Order of global truncation error

Question

I was reading something,here is something I stuck with the following integral is approximated using numerical methods \begin{align} \int_{0}^{s(t)} v\,dx\ = \int_{0}^{kh} v\,dx\ + \int_{kh}^{s(t)} v\,dx\ \end{align} where $$ k=\lfloor s(t)/h \rfloor,$$ this integral is approximated using composite trapezoidal and interpolation, the first integral on the R.H.S. is solved using composite trapezoidal rule and the second is solved using interpolation. Here is the approximation of second one \begin{align} \int_{kh}^{s(t)} v\,dx\ = \left (\delta-\frac{\delta^2 }{2h}\right)v_k ~~+ ~~ \left(\frac{\delta^2 }{2h}\right)v_{k+1} \end{align} $$ \delta = s(t)-kh $$ I have two doubts here, the first one is, I did not get this approximation using interpolation and second doubt is that this complete approximation is given with global truncation error of $O(h^2),~~$ this is also not clear to me. I know composite trapezoidal rule has truncation error of order $O(h^2)$ but for the interpolation part it is not clear to me. Please help me out with this and please correct me if I have said anything wrong. Thanks.

Answer 1

This looks to be a part of a procedure where the values $v_k$ are some fixed, pre-computed table of function values.
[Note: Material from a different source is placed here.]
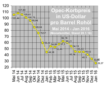 Auch für andere Ölproduzenten war der Preisverfall kein Grund, die Förderung zu verringern. Eher wurde diese noch ausgeweitet. Das gilt vor allem für Rußland, das neben Saudi-Arabien der größte Öl-Anbieter am Weltmarkt ist. Da die Staatseinnahmen größtenteils aus dem Verkauf der Rohstoffe Öl und Gas bestehen, wird der Kreml vom Preisverfall des Öls noch wesentlich härter getroffen als durch die Sanktionen wegen seiner Ukraine-Politik. Während der Euro Anfang Herbst 2015 noch für rund 50 Rubel zu haben war, kostete er Ende Januar 2015 fast 80 Rubel. Nach einer vorübergehenden Erholung kletterte der Wechselkurs im Januar 2016 bis auf fast 90 Rubel für einen Euro.

Essentially you integrate the piecewise linear approximation of $v$. For that you split the input $s(t)=kh+δ$. On each interval you approximate $$ v(s)\approx v_j+\frac{s-jh}{h}(v_{j+1}-v_j)\text{ for } jh\le s<(j+1)h $$ For the full intervals the integal results in the trapezoidal formula $\frac h2(v_j+v_{j+1})$, for the last partial interval $$ \int_{kh}^{kh+δ}v_k+\frac{s-kh}{h}(v_{k+1}-v_k)ds=\Bigl[sv_k+\frac{(s-kh)^2}{2h}(v_{k+1}-v_k)\Bigr]_{kh}^{kh+δ}v_k=δv_k+\frac{δ^2}{2h}(v_{j+1}-v_j) $$ which is your last interpolation formula.

The distance of the piecewise linear interpolation to the original function is $O(h^2)$ if the function $v$ is smooth enough, thus in the integral the error is of the same size, more specifically $O(s(t)h^2)$.